Intégrez un book des procédures clair et facilement accessible mais évitez d’en faire un simple manuel à mémoriser. Encouragez plutôt la compréhension des principes sous-jacents pour permettre une adaptation rapide aux situations imprévues.
Pour la formation continue, privilégiez une approche personnalisée. Analysez les performances individuelles pour identifier les domaines d’amélioration à l’échelle de chaque agent. Organisez des sessions de coaching ciblées plutôt que des formations génériques. Il peut être intéressant de mettre en place un système de mentorat où les agents expérimentés partagent leurs astuces pour gérer efficacement les appels complexes.

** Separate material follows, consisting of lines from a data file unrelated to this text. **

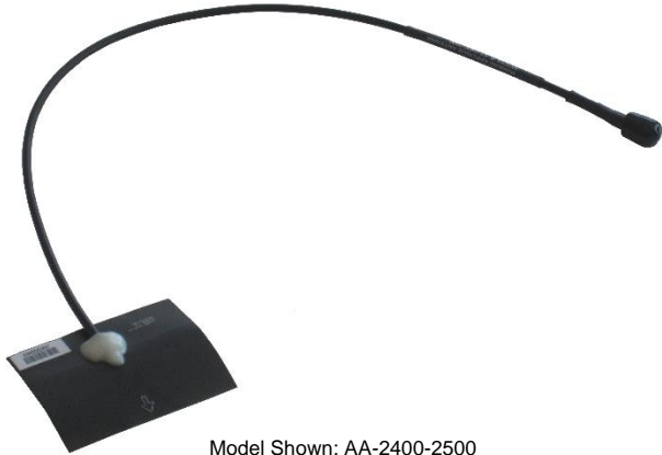
Model Shown: AA-2400-2500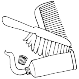
Personal cleanliness and comfort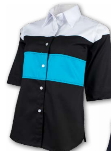
FC 2501 BLACK / WHITE / CYAN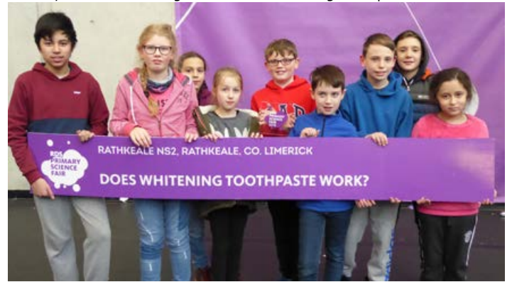
Pupils at the Science Fair

We entered the RDS Primary Science Fair held in Limerick on Friday 19th January with our investigation "Does whitening toothpaste work?"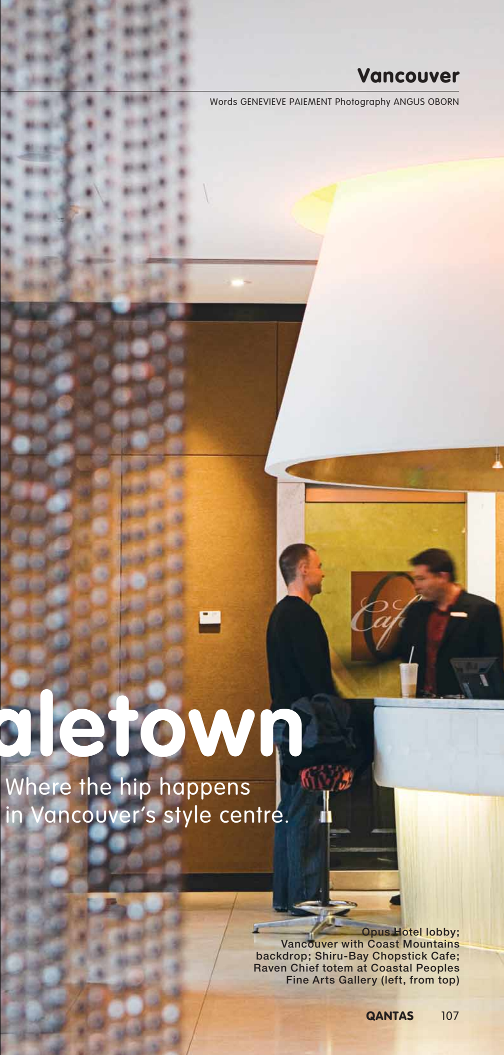
Opus Hotel lobby; Vancouver with Coast Mountains backdrop; Shiru-Bay Chopstick Cafe; Raven Chief totem at Coastal Peoples Fine Arts Gallery (left, from top)

Where the hip happens in Vancouver's style centre.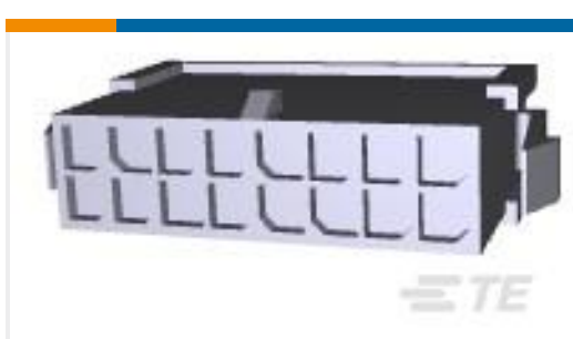
TE Part #1-794615-6 PANEL MT DBL ROW HSG 16 POS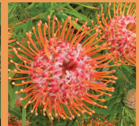
Pincushion protea: Leucospermum cordifolium , L. nutans Comments: The porcupine appearance of this flower (3 to 5 inches in diameter) is deceptive; the "spikes" are actually very pliable and not harmful.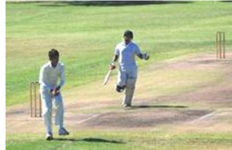
And the ball is safely "cupped" in his hands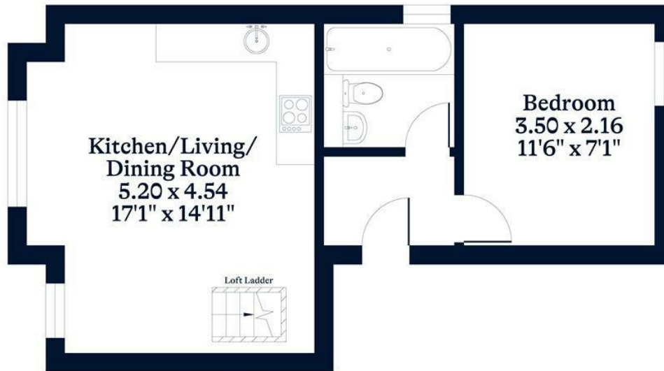
Apartment First Floor

This plan is for illustration purposes only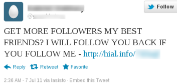
Figure 2: A tweet advertising a Twitter Account Market

cal does not work. The reason is that Twitter is known for having techniques in place to detect misuse. Consequently, to avoid being detected or blacklisted, miscreants slightly modify the content of the tweets or use different URLs (e.g., by leveraging URL shortening services). These minor modifications of their messages are commonly enough to avoid detection. Unfortunately, relying solely on hashtags to determine similarity is not sufficient either. The reason is that not all campaigns we observed made use of hashtags consistently.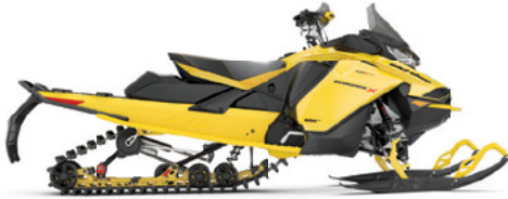
RENEGADE X 600R E-TEC SHOWN

High-performance and high-tech features for the most demanding rider.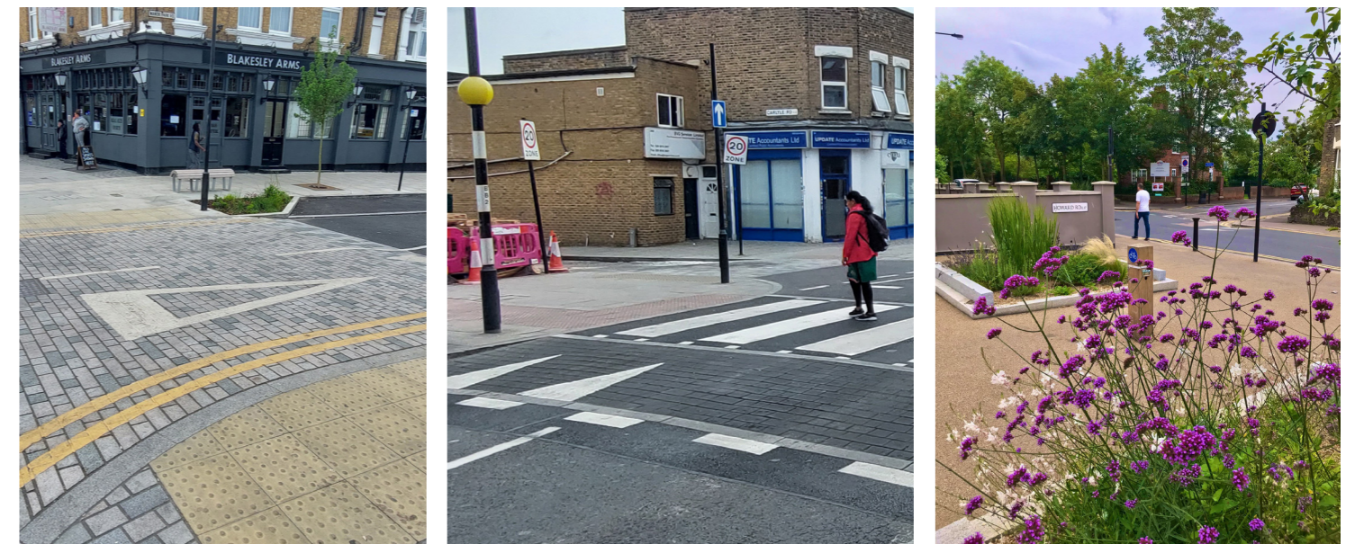
Examples of measures currently in place around Newham and Waltham Forest

If the Council decides to proceed with an experimental scheme, we will implement our proposed design to address through traffic, speeding and improve active travel. During this stage, we will continue to gather traffic and air quality data to measure the impact of the implemented measures. We will also collect feedback from residents, businesses and other groups to help us decide whether or not to make the scheme permanent before the 18 month period.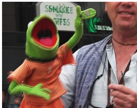
Figure 2. Muppet Devotion.

Next, we can read the whole scene as a creative blend of cultural signifiers. The celebration of the Hindu festival Ratha Yatra by a multi-ethnic crowd of Westerners in Indian clothing and South Asians in Western clothing, all of them singing the Indian music known as harikirtan while en route to a famous California beach, was in itself an exercise in cultural exchange. However, there was also a sort of wink and a nod in the combination of signifiers present. Jagannath, the deity on the cart, is revered by many Hindus as an incarnation of the god Vishnu. Some, including the Gaudiya Vaishnavas who organized this parade, conceive of Vishnu and all other gods including Jagannath as incarnations of Krishna, whose pastime herding cattle is one reason why cows are considered sacred by many in India. The emoji-like faces on the smiling cow balloons reflected this connection to Krishna, while also signaling a certain lightheartedness in the deployment of recognizable cross-cultural and pop culture signifiers—as, of course, did the presence of Kermit the Frog sporting the robes commonly worn by gurus and devotees.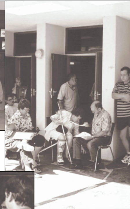
Right: Members gather for the prize giving.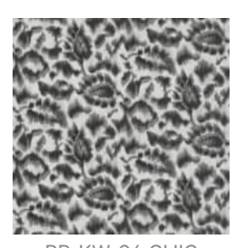
BB-KW-04 CHIC BLACK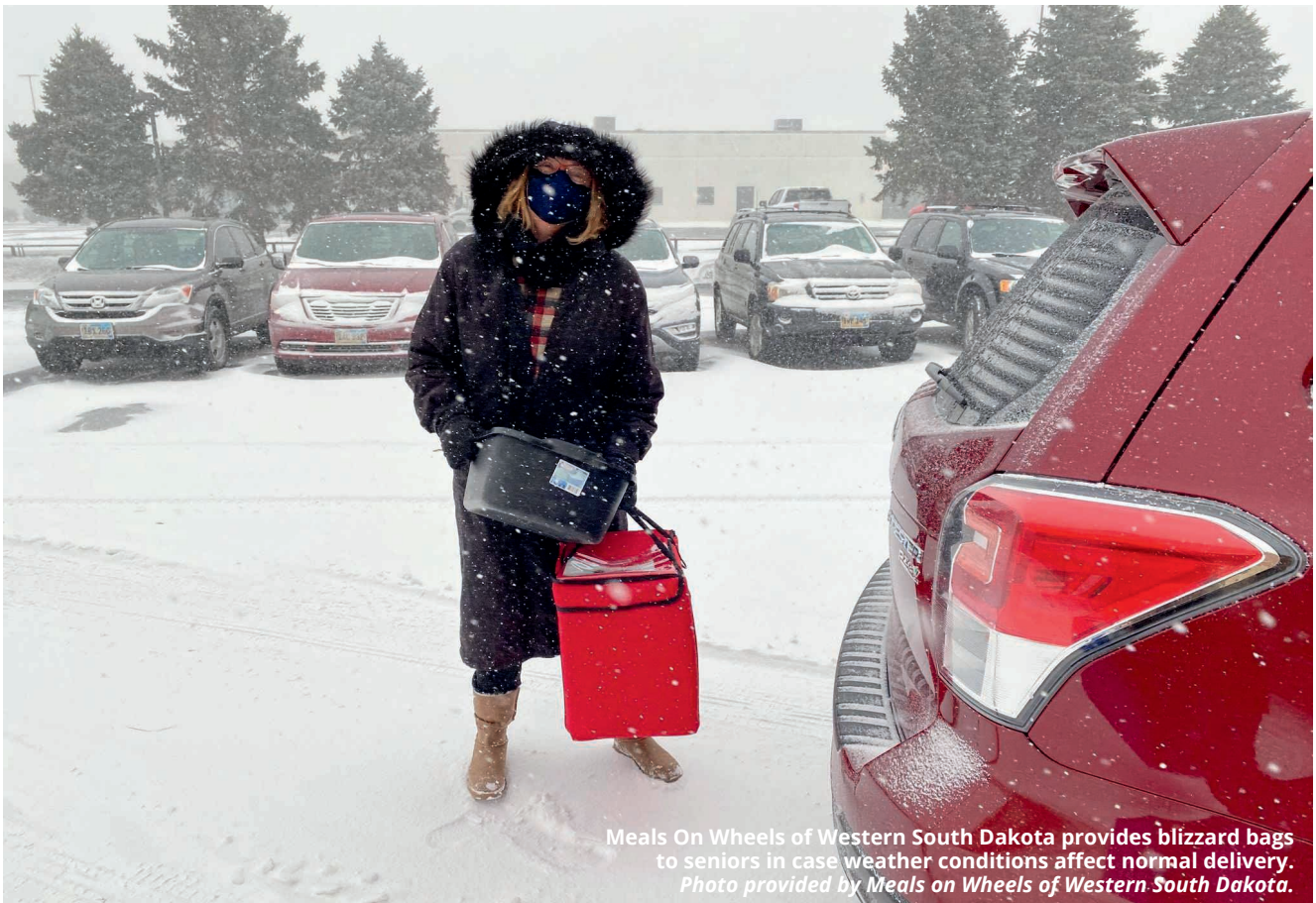
Meals On Wheels of Western South Dakota provides blizzard bags to seniors in case weather conditions affect normal delivery.

Anyone interested in getting service or helping with the cause can contact Meals on Wheels of Western South Dakota at (605) 394-6002.

5. Management de proximité pour développer les compétences
Les superviseurs doivent être présents sur le plateau d’appels pour observer les interactions des agents et identifier rapidement leurs points forts et leurs lacunes. Organisez des sessions de feedbacks courtes et ciblées, centrées sur des appels concrets plutôt que sur des généralités.
Mettez en place un système de partage des bonnes pratiques. Demandez aux agents performants de montrer leurs techniques de gestion d’appels efficaces. Utilisez ces exemples pour créer des guides pratiques accessibles à toute l’équipe. Objectif : généraliser les bonnes pratiques et stimuler l’intelligence collective.
6. Spécialisation des agents
Dans la mesure du possible, divisez votre équipe en groupes spécialisés par type de demandes : techniques, réclamations, commerciales, etc. Cette approche permet aux agents de devenir progressivement experts dans leur domaine.
Instaurez un système de rotation périodique entre les équipes pour maintenir une certaine polyvalence et éviter la monotonie. Assurez-vous d’avoir un système de routage efficace pour diriger les appels vers l’équipe appropriée dès le départ afin de limiter les transferts inutiles qui augmentent la DMT.
7. Digitalisation et automatisation des tâches
Concentrez-vous sur l’automatisation des tâches administratives post-appel. Mettez en place un système de catégorisation automatique des appels basé sur les mots-clés détectés pendant la conversation. Vous allez pouvoir réduire le temps que les agents passent à classer manuellement chaque interaction.
Intégrez votre CRM avec votre système téléphonique pour afficher instantanément l’historique du client dès le début de l’appel. Vous évitez aux agents de perdre du temps à rechercher ces informations pendant la conversation.
Créez aussi des modèles de réponses pour les emails fréquents que les agents peuvent personnaliser rapidement plutôt que de repartir d’une feuille blanche.
Améliorez enfin vos options de self-service. Une FAQ bien conçue sur votre site web et une base de connaissances facilement accessible permettront aux clients de résoudre les problèmes simples sans avoir à contacter un agent.
8. Les bots pour le routage et les demandes simples
Intégrez des serveurs vocaux interactifs (SVI) pour trier et diriger les appels vers le service approprié dès le premier contact. Vous pouvez également déployer des chat bots pour gérer les demandes écrites courantes et des callbots pour les interactions vocales simples.
Ces outils vous aideront à traiter les questions fréquentes en continu (24/7) pour permettre à vos agents de se concentrer sur les cas plus complexes.